What's being done here is quite similar to what airliners use for their FBW which is a feedback and response system running according to control rules.
Based on your definition, analog FBW would not be "intelligent" at all either because that's not much different from analog FBW.
LOL. Can you define what partial FBW means eh?
You're playing desperately with words. What does partial FBW means? It would have meant fractional control between manual and electronic controls. How is that much different from control and stability augmentation/intervention? There is no such things as "partial" FBW because that is a contradiction in meaning, hence you won't see any industry usage of that term.
Except that the industry does not use the term "partial" FBW because suchv a term is self contradictory on its own meaning. The F-20 tried to use it because of "marketing", but it really is hybrid.
Nonsense logic, to use certification times as "proof" that the plane cannot be unstable.
I've already destroyed that logic with real examples, such as how quickly the YF-16, YF-17, X-32, and X-35 are doing aerobatics right off from their earliest prototypes. And along with the F-CK-1 fighter which went from prototype to certification in only three years. Furthermore, certification has a whole lot to do with a lots of other factors other than flight stability. Avionics testing. Reliability testing. Stress testing.
Another clue to the flight testing is that there has been more prototypes built of the FC-1 faster and in any given time than the history of the other "Asian" fighter, which enables the plane to log more flight hours faster.
This is not to mention that certification involved far more factors other than flight stability testing, such as reliability testing, stress testing, avionics integration, specification changes. That's common sense to everyone reading this. It should be noted that the FC-1 did not set very high only reasonable goals on these, and is there is very little specification changes.

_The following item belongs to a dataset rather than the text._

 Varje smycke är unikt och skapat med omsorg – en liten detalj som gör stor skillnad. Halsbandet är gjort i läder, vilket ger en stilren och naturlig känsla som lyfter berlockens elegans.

It is CAC and AVIC that continues to support the FC-1 and continues to do all all ther tests and validations. So it is CHINA that continues to support the plane, period. They know they have a winner that can make serious money on, and the government sees the diplomatic opportunities provided by the arms sales. Ironically its the PLAAF that may have a tendency to slow things down due to specification changes.

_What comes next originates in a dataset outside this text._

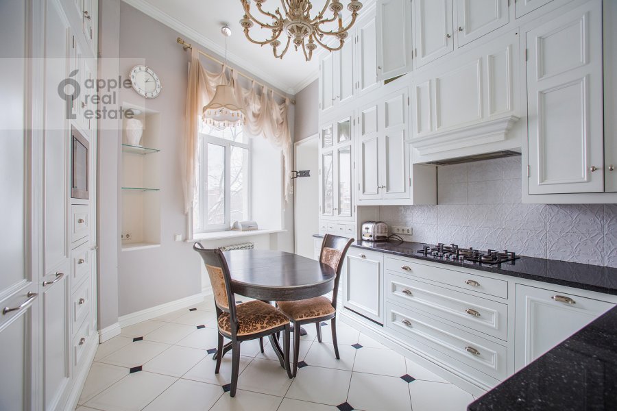 Доходный дом построен архитектором С. М. Гончаровым в 1915 году. Ремонт квартиры выполнен в классическом стиле из натуральных материалов, высокие потолки украшены лепниной. Функциональная планировка: просторная гостиная; основная спальня с гардеробной и ванной комнатами; кабинет с уютным балконом; кухня с необходимой встроенной техникой; две спальни со своей ванной комнатой; постирочная; гостевой санузел. Установлены теплые полы и система кондиционирования. Закрытый двор, на территории организован паркинг. Рядом школа и детский сад, детская поликлиника, дом творчества, фитнес-клуб, театры. Быстрый выезд на Садовое кольцо.

Relaxed stability is just another term used interchangeably with static instability. Again you're playing with words. Do you think that by playing with language you can change reality. And what the heck gradually introduced instability with "increasing" FBW. Note the final product---pitch axis only FBW with relaxed stability (aka negative static stability).

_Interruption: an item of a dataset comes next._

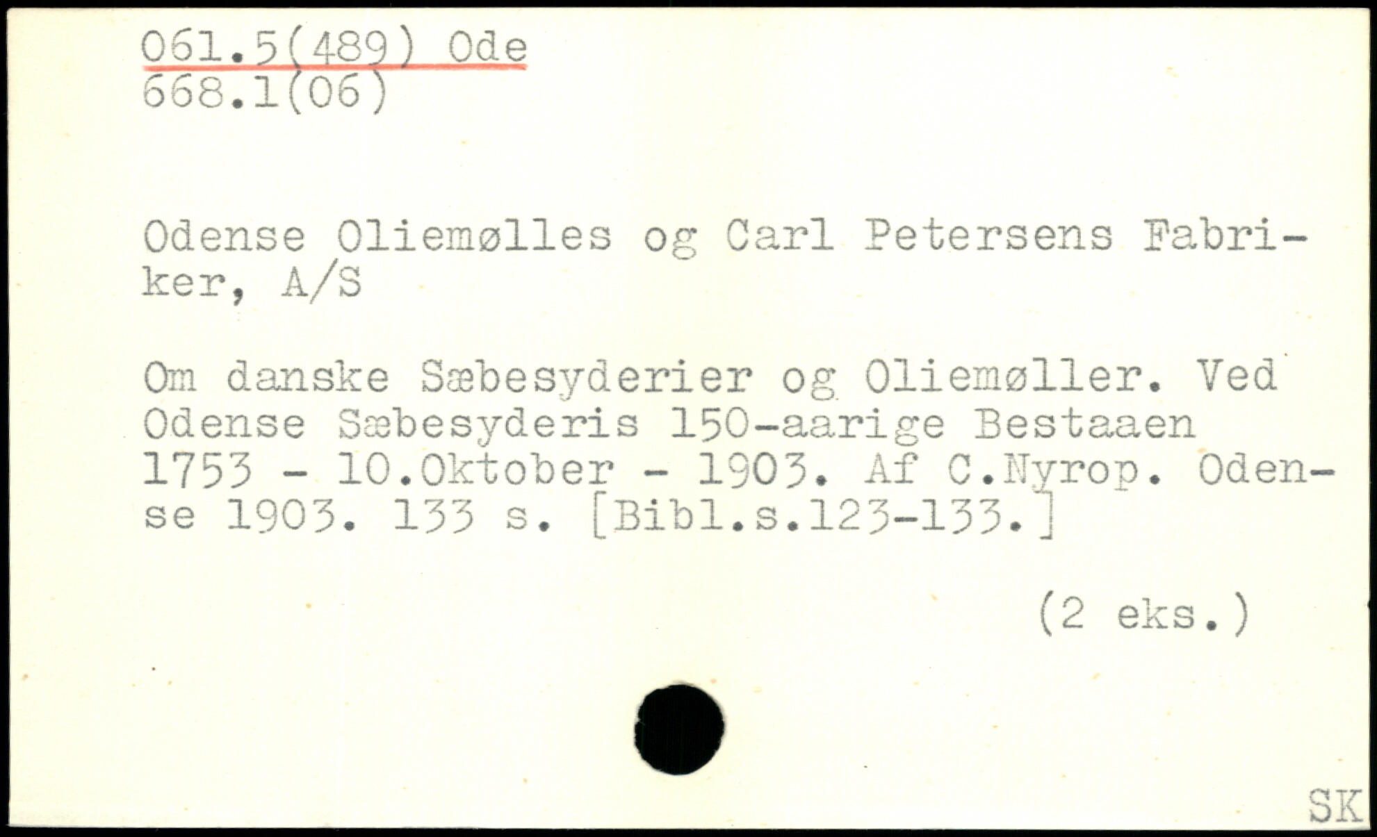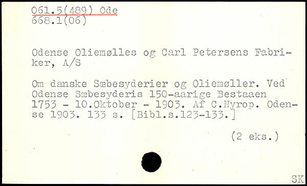 Odense Oliemølles og Carl Petersens Fabriker, A/S Om danske Sæbesyaerier og Oliemøller. Ved Odense Sæbesyderis 150-aarige Bestaaen 1753 - 10.Oktober - 1903. Af C.Nyrop. Odense 1903.

Standard accepted definition of Relaxed Stability.
That's practically sounds like static instability, does it not?
What you described happens in all planes. Instability always enters the system once the aircraft is in flight. That would be "dynamic" instability, and frankly FBW is also meant to reduce that.
What is "fully" instable means? "Fully instable" means that not even the FBW can handle it. So even with a plane that has FBW, it can only be instable to a certain degree, and that degree or static margins is rather small. A plane is either statically stable or not. Even if the plane can still be managed by manual controls (the Japanese F-2 as based on the F-16 can) it can be considered statically unstable.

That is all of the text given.